*Items from a data source*

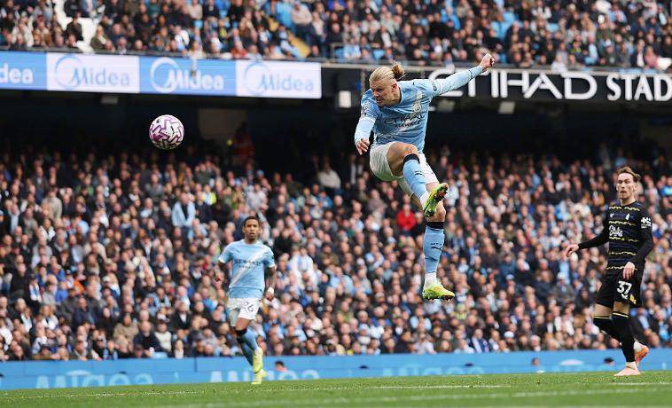 仅仅过了5分钟,哈兰德就再次攻破了皮克福德的十指关,萨维尼奥左路拿球后,做给了中路埋伏的哈兰德,挪威魔人不停球低射建功,帮助曼城把领先的优势扩大到了2球,上演梅开二度的哈兰德,也把自己的英超进球数提升到了96球,超越曼联传奇范尼排名历史第37位,比赛最后时刻,哈兰德错失多个戴帽良机,但并不影响曼城收获一场胜利。
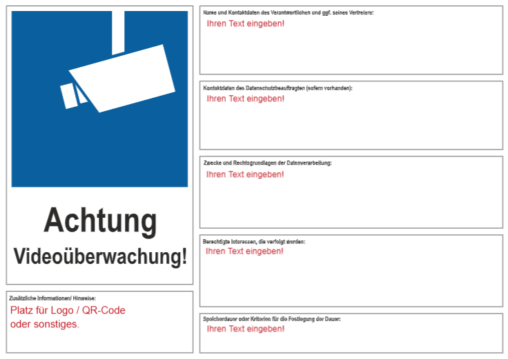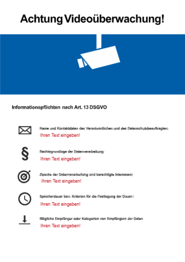 Videoüberwachung nach DSGVO Art. 13 (Text nach Wunsch)
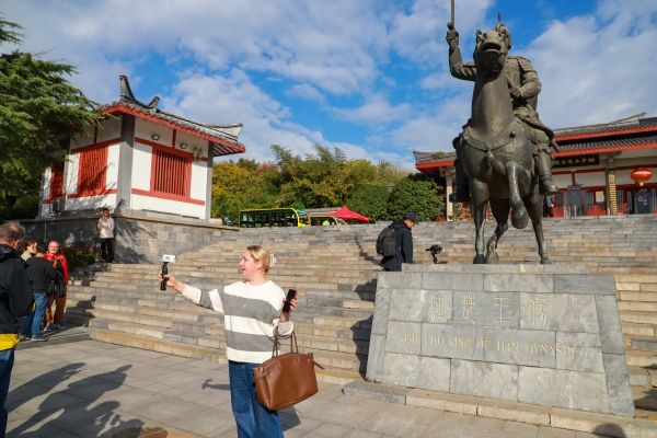打卡的第一站是徐州汉文化风景区。这里是汉文化的发祥地,有五千年的文明如运河流淌,有两千六百年的建城史如汉代遗址。昔日汉高祖刘邦执剑立鼎这里,白居易、苏轼等文人墨客曾在此留下不朽诗篇。
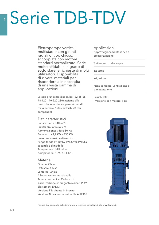 Per una lista completa delle informazioni tecniche consultare il sito www.lowara.it
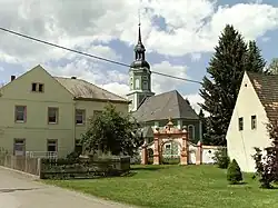 Der Friedhof ist von Resten einer Wehrmauer umgeben, in der mehrere Schießscharten erhalten sind. Das barocke Portal ist mit einem geschweiften Giebel und Kugelzier versehen.
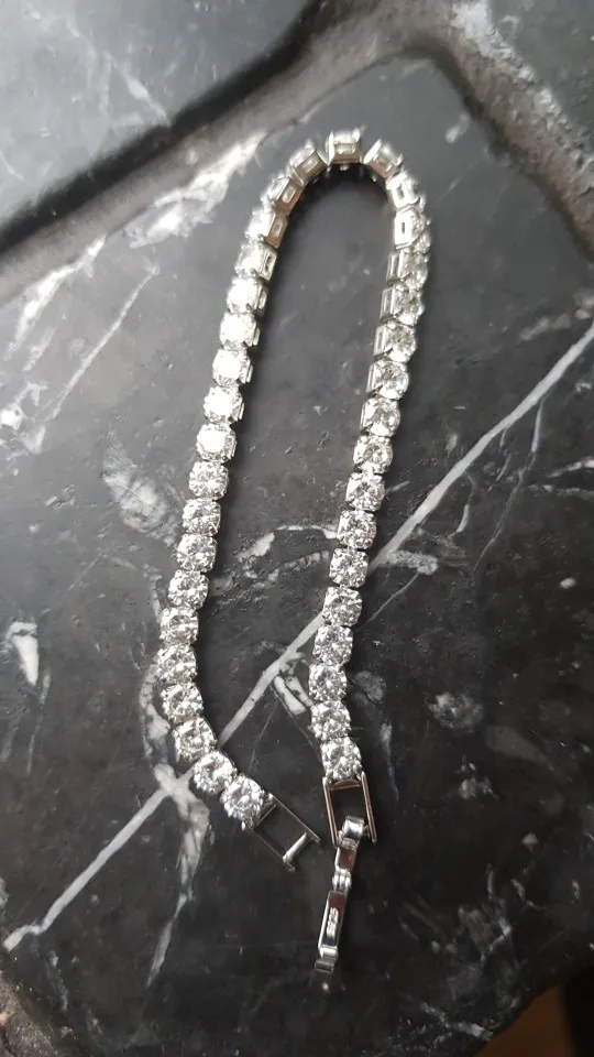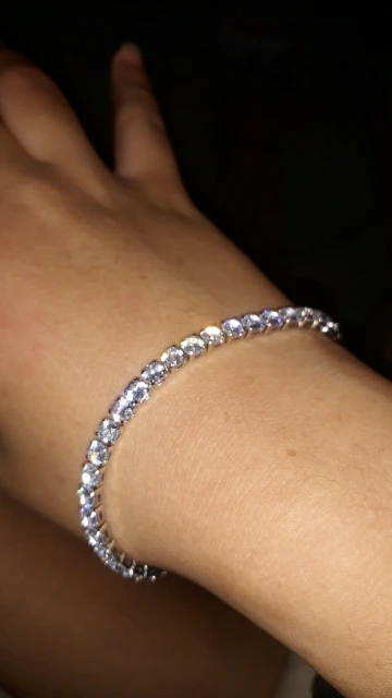 bracelet magnifique... identique à la photo... il est léger et semble fragile... il est très brillant à la lumière artificielle et rend bien au poignet.... le fermoir tient bien... il a un poinçon ... 22 jours pour la livraison en France... pour le prix je recommande...
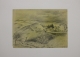 Il disegno raffigura una veduta di un tipico paesaggio collinare toscano. In primo piano una collina con degli alberi e un sentiero e sullo sfondo, sulla destra un casolare di campagna circondato da alberi.
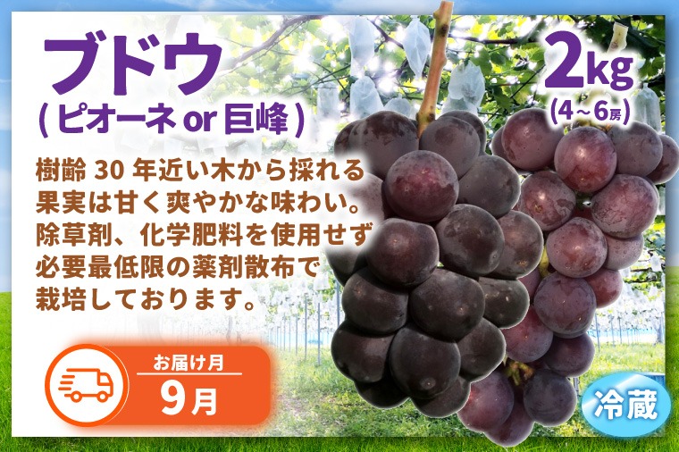 (9月)ブドウ(ピオーネまたは巨峰)2kg(4~6房)
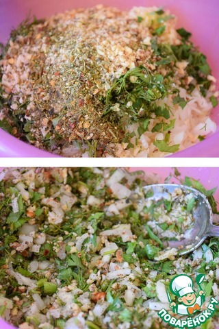 Сложить в чашку лук, орехи, чеснок, зелень, соль, перец и обязательно сухую аджику. Хорошо все помять руками и убрать минут на 30-40 настояться.

*WORK TO COMPLETE*
In the records above, find the line with "(9月)ブドウ(ピオーネまたは巨峰)2kg(4~6房)" and copy from it through the last line exactly, without the pictures.

*SOLUTION FOR THIS PROBLEM*
 (9月)ブドウ(ピオーネまたは巨峰)2kg(4~6房)
 Сложить в чашку лук, орехи, чеснок, зелень, соль, перец и обязательно сухую аджику. Хорошо все помять руками и убрать минут на 30-40 настояться.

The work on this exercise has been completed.